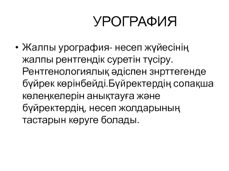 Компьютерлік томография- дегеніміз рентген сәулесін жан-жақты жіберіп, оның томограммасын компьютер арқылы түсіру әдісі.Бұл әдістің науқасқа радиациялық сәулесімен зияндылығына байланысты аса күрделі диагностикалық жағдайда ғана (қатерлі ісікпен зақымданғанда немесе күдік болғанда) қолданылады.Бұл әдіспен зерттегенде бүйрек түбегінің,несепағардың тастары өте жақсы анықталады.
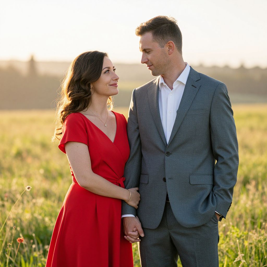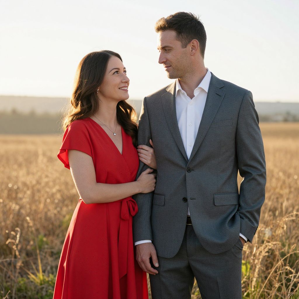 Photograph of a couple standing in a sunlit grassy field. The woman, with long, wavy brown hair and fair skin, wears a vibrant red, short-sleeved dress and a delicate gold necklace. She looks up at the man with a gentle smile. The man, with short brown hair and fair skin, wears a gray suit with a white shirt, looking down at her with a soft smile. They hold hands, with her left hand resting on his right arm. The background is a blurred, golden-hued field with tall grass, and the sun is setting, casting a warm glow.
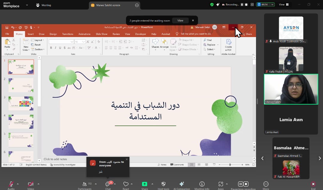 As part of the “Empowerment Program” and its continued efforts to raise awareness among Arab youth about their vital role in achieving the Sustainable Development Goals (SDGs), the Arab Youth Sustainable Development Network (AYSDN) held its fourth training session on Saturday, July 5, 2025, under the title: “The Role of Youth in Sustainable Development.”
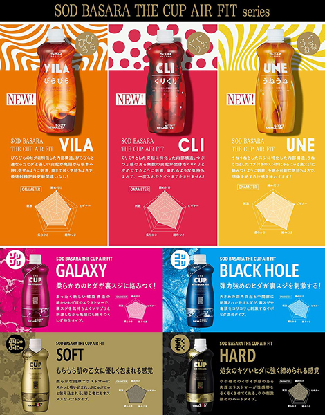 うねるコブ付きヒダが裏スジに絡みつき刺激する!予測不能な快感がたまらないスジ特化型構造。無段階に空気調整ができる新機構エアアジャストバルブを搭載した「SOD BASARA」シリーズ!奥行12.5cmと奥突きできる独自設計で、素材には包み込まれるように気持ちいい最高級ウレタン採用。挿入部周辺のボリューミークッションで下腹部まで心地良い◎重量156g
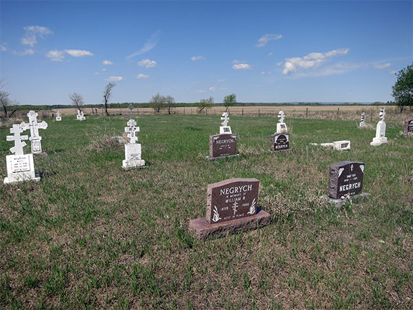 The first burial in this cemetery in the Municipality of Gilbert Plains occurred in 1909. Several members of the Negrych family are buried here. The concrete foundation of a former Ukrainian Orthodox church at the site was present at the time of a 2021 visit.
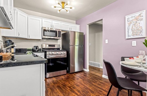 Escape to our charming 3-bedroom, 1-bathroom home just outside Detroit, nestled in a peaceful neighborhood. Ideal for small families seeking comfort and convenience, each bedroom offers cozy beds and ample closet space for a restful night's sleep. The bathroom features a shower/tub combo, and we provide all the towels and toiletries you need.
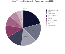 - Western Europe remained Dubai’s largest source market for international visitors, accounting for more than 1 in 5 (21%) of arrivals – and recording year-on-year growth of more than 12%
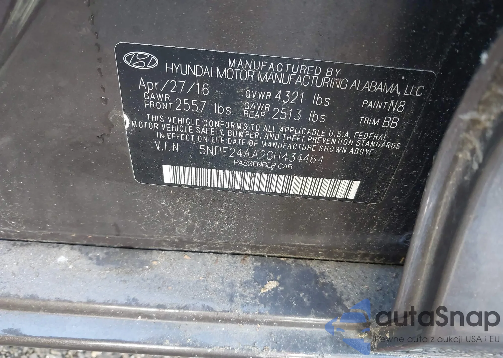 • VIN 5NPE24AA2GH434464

- TASK DESCRIPTION
In the copy, include all records verbatim but no images.

- SOLUTION
 Компьютерлік томография- дегеніміз рентген сәулесін жан-жақты жіберіп, оның томограммасын компьютер арқылы түсіру әдісі.Бұл әдістің науқасқа радиациялық сәулесімен зияндылығына байланысты аса күрделі диагностикалық жағдайда ғана (қатерлі ісікпен зақымданғанда немесе күдік болғанда) қолданылады.Бұл әдіспен зерттегенде бүйрек түбегінің,несепағардың тастары өте жақсы анықталады.
 Photograph of a couple standing in a sunlit grassy field. The woman, with long, wavy brown hair and fair skin, wears a vibrant red, short-sleeved dress and a delicate gold necklace. She looks up at the man with a gentle smile. The man, with short brown hair and fair skin, wears a gray suit with a white shirt, looking down at her with a soft smile. They hold hands, with her left hand resting on his right arm. The background is a blurred, golden-hued field with tall grass, and the sun is setting, casting a warm glow.
 As part of the “Empowerment Program” and its continued efforts to raise awareness among Arab youth about their vital role in achieving the Sustainable Development Goals (SDGs), the Arab Youth Sustainable Development Network (AYSDN) held its fourth training session on Saturday, July 5, 2025, under the title: “The Role of Youth in Sustainable Development.”
 うねるコブ付きヒダが裏スジに絡みつき刺激する!予測不能な快感がたまらないスジ特化型構造。無段階に空気調整ができる新機構エアアジャストバルブを搭載した「SOD BASARA」シリーズ!奥行12.5cmと奥突きできる独自設計で、素材には包み込まれるように気持ちいい最高級ウレタン採用。挿入部周辺のボリューミークッションで下腹部まで心地良い◎重量156g
 The first burial in this cemetery in the Municipality of Gilbert Plains occurred in 1909. Several members of the Negrych family are buried here. The concrete foundation of a former Ukrainian Orthodox church at the site was present at the time of a 2021 visit.
 Escape to our charming 3-bedroom, 1-bathroom home just outside Detroit, nestled in a peaceful neighborhood. Ideal for small families seeking comfort and convenience, each bedroom offers cozy beds and ample closet space for a restful night's sleep. The bathroom features a shower/tub combo, and we provide all the towels and toiletries you need.
 - Western Europe remained Dubai’s largest source market for international visitors, accounting for more than 1 in 5 (21%) of arrivals – and recording year-on-year growth of more than 12%
 • VIN 5NPE24AA2GH434464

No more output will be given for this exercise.